JAYCEE DUGGARD'S KIDNAPPER 'IMPOSSIBLE TO DEFEND'

DUGARD AGED 11
CREEPY PHIL
THE EVIL kidnapper, who took Jaycee Duggard and turned her into his personal sex slave for nearly two decades was "impossible to defend" his lawyer has revealed. Crazy Phillip Garrido's public defender Susan Gellman had no choice but to take the case, adding her virtually impossible task was made more difficult due to his belief that a trial would revolve around what he called "the gift from God."
She told KOVR: "He would say he acknowledged his guilt from the very beginning and he never wanted a trial. He really thought the whole case
was about his 'gift'.
"There was no defense possible."
She added that she has received hate mail and death threats since she was assigned to defend him.

Back in June 1991 Garrido and his wife Nancy plucked the 11-year-old Duggard from the street as she headed for the school bus in South Lake Tahoe.
Smothering her in a blanket they tasered her and took her to their grotty him in Antioch, CA and   
Garrido sexually assaulted her on arrival.
For the first three years, until the birth of her first daughter in August, 1994, Garrido would force himself on Jaycee once a week or more.
After that they slowed and once she'd given birth to her second child in 1997 he stopped completely.
She said, she stayed out of fear for both herself and her children, then because she had no place to go. During 18 years in captivity, she never tried to escape.

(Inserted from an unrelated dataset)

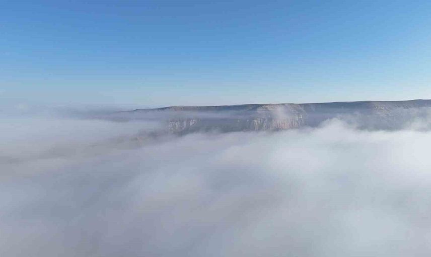 Kapadokya'nın peribacaları, vadileri ve sıcak hava balonlarının kalkış alanları, sis bulutu altında gizemli görüntüler oluşturdu. Nevşehir merkezi ile Ürgüp, Göreme, Uçhisar ve Avanos bölgelerinde etkili olan sis, görüş mesafesini yer yer 20 metreye kadar düşürdü.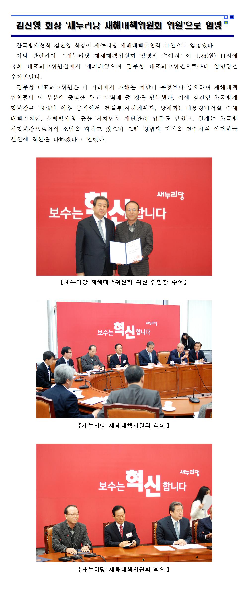 김진영 회장 '새누리당 재해대책위원회 위원'으로 임명 2015-01-26 목록보기 이전글[축결혼] 평생회원 (주)유신 박언주 부사장 자녀 결혼식 알림2015.01.27 다음글강남역 일대 배수개선 대책 포럼 개최2015.01.26

Garrido was eventually caught after an attempt to hold events on the UC Berkeley campus to promote his revelations about mental illness and what he believed were his supernatural abilities.
Suspicious authorities to uncover Dugard's identity, 18 years after she was abducted.
What shocked Gellman most about the case was the story of how Phillip and Nancy Garrido formed a relationship with Jaycee over time.
She said: "There was a kindness that emerged between the people that were involved. Probably for Ms. Dugard; it was the way she had of coping."
She added that he appeared to be distant and distracted from the very beginning.
"It was like he really wasn't there," she explained.
Even now, nearly two years after his arrest  Gellman said Garrido still isn't interested in speaking out about the case, believing that anything he would say now wouldn't be "received."
Garrido received a sentence of 431 years to life and his wife Nancy was sentenced to 36 years to life as a plea deal that spared Dugard having to testify.